Dysfunctional class I HDAC expression and activity is associated with cancer metastasis. HDAC1 regulates invasiveness by increasing matrix metalloproteinase (MMP) expression. Furthermore, HIF-2α is a transcriptional regulator of the HDAC1gene, and hypoxia increase HIF-2α and HDAC1 expression [21]. TGF-β-driven E-cadherin silencing and EMT in human pancreatic cancer cells also depend on HDAC activity [22]. HDAC1 and HDAC2 form a transcriptional repressor complex with SNAIL to downregulate the E-cadherin expression of pancreatic cancer cells during metastasis.
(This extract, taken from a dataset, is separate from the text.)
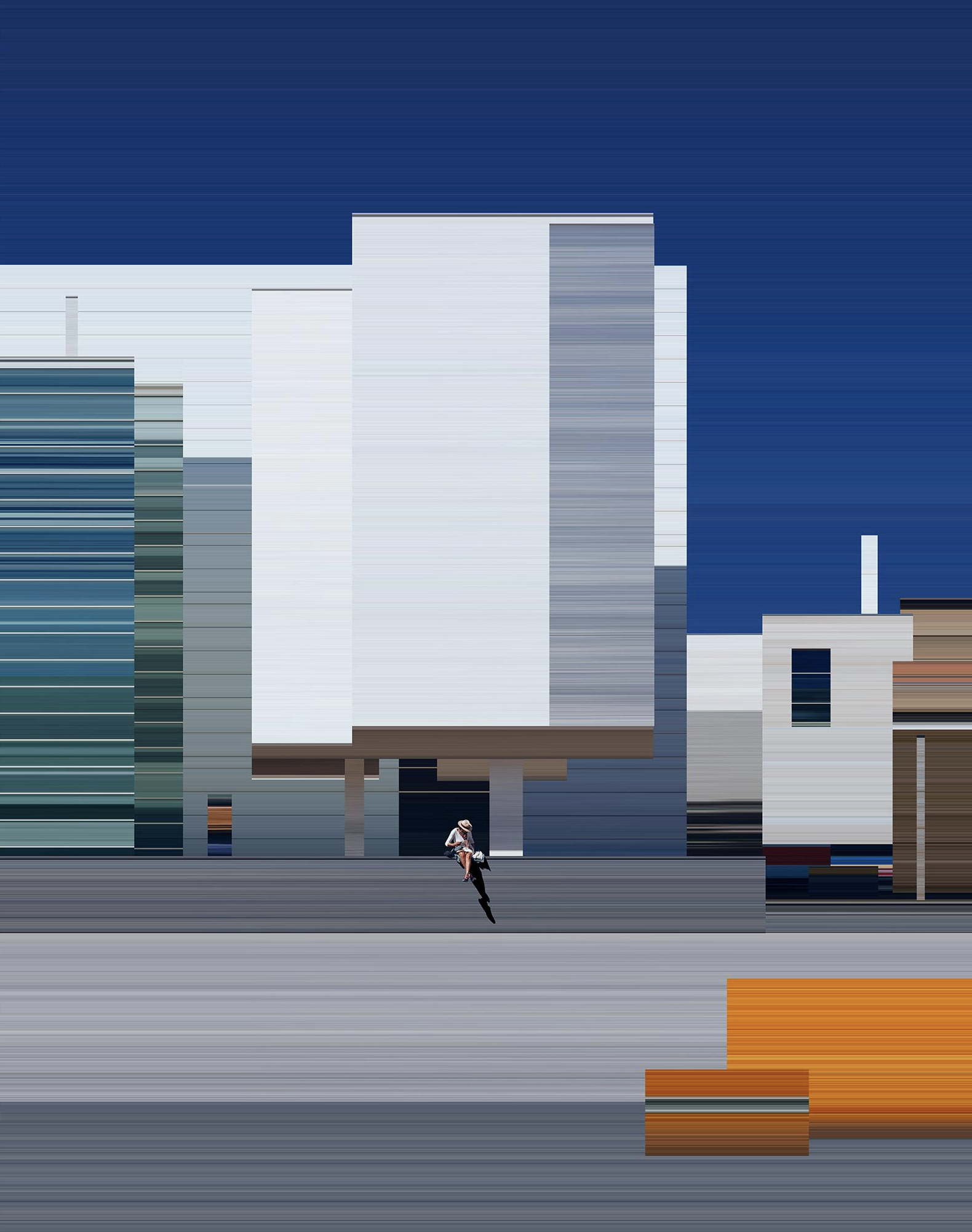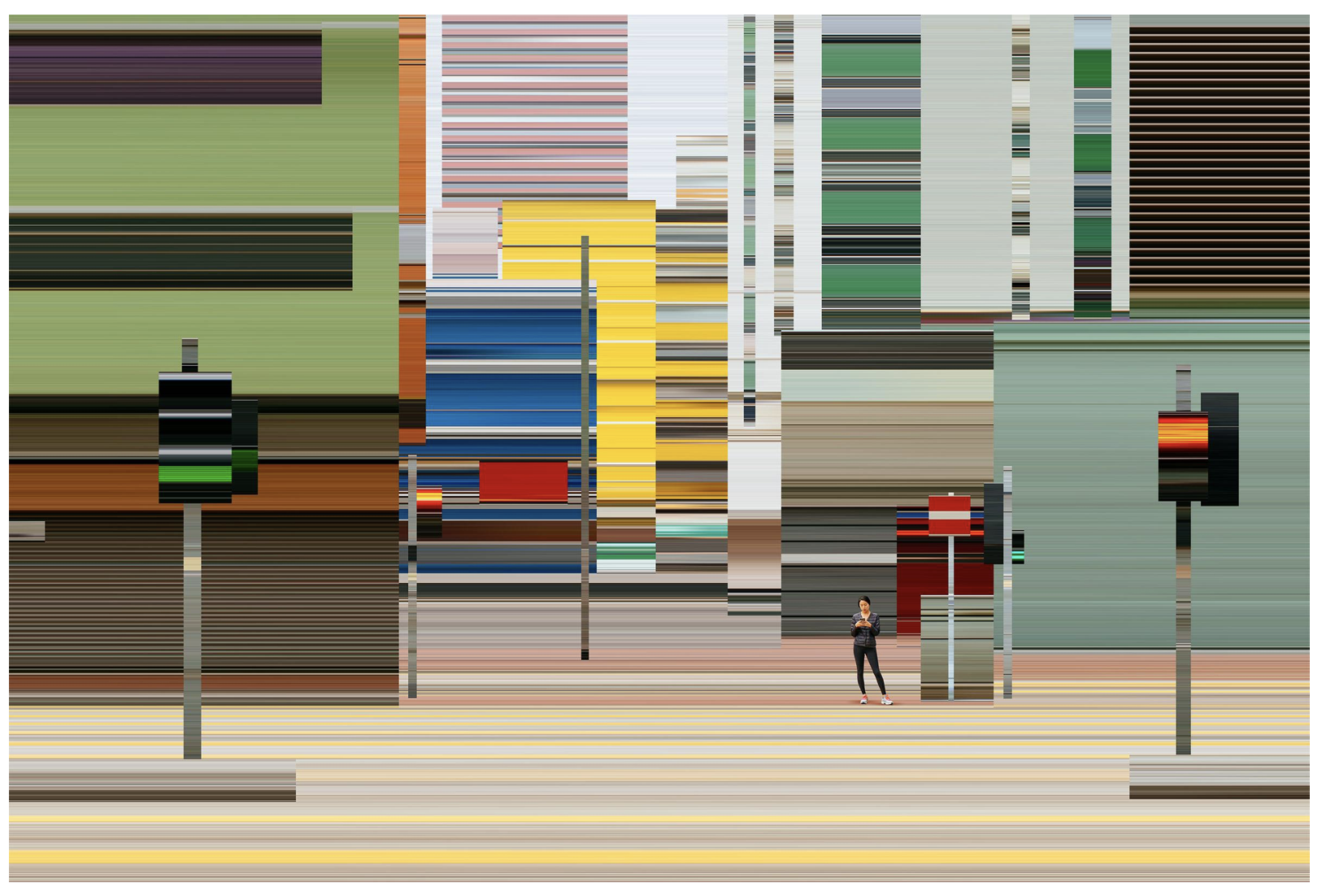 《時間拉伸》系列是一場關于感知邊界的探索,每一幅作品都構建了一個超現實的視覺場域。藝術家以全球多個城市為拍攝背景,從繁華的都市街道到靜謐的自然角落,卻通過 “拉伸時間” 的創作手法,將周圍的環境拆解、扭曲、重組。畫面中,中央人物始終保持著清晰、穩定的姿態,仿佛被按下了暫停鍵,脫離了時間的洪流;而背景中的建筑、街道、光影則被無限拉長、模糊,化作流動的色彩與線條,如同被時間的浪潮沖刷過的痕跡。

Intriguingly, SNAIL also recruits the HDAC1/2-containing SIN3A complex to deacetylate histones on the E-cadherin promoter for gene silencing [23]. In a similar manner, SLUG recruits the HDAC1-containing CtBP complex to silence genes by binding to the E-box on the BRCA2 promoter [24]. ZEB1/2 also recruits the CtBP/HDAC1 complex to the E-cadherin promoter, while ZEB1 recruits SIRT1, a class III HDAC, to silence E-cadherin and promote EMT and metastasis in prostate cancer cells [25, 26]. Moreover, ZEB1-induced EMT is accomplished by repression of other epithelial genes, including EPCAM, ESRP1 and RAB25, and is accomplished by a reduced acetylation of H3K9 and H3K27 at their promoters. In fact, evidence suggests that H3K27 deacetylation is a key epigenetic event in ZEB1-induced transcriptional reprogramming [27]. In addition to the EMT transcriptional factors, HDAC1 co-purifies with TCF12 and promotes migration and invasion; elevated expression of TCF12 and HDAC1 correlate with a poor prognosis in gallbladder cancer. These findings suggest that this HLH transcription factor TCF12 could also target HDACs for epithelial gene silencing during EMT [28]. The expression of the HDAC1 and HDAC3 correlates with nuclear receptor (NR) (i.e., ER and PR) status. HDAC assembles a complex with ERα that binds to the SLUG promoter to repress expression [29]. Interestingly, HDAC6 and SIRT1 counteract the p300-catalyzed acetylation on Cortactin, which enhances its F-actin binding ability to facilitate EMT and tumor progression [30]. Conversely, HDAC6 and ERα are co-localized in the cytoplasm of renal cell carcinoma (RCC) cells and HDAC6 enhances cell motility by decreasing acetylated α-tubulin expression [21]. Loss of α-Tubulin acetylation by HDAC6 is also associated with TGF-β-induced EMT [31].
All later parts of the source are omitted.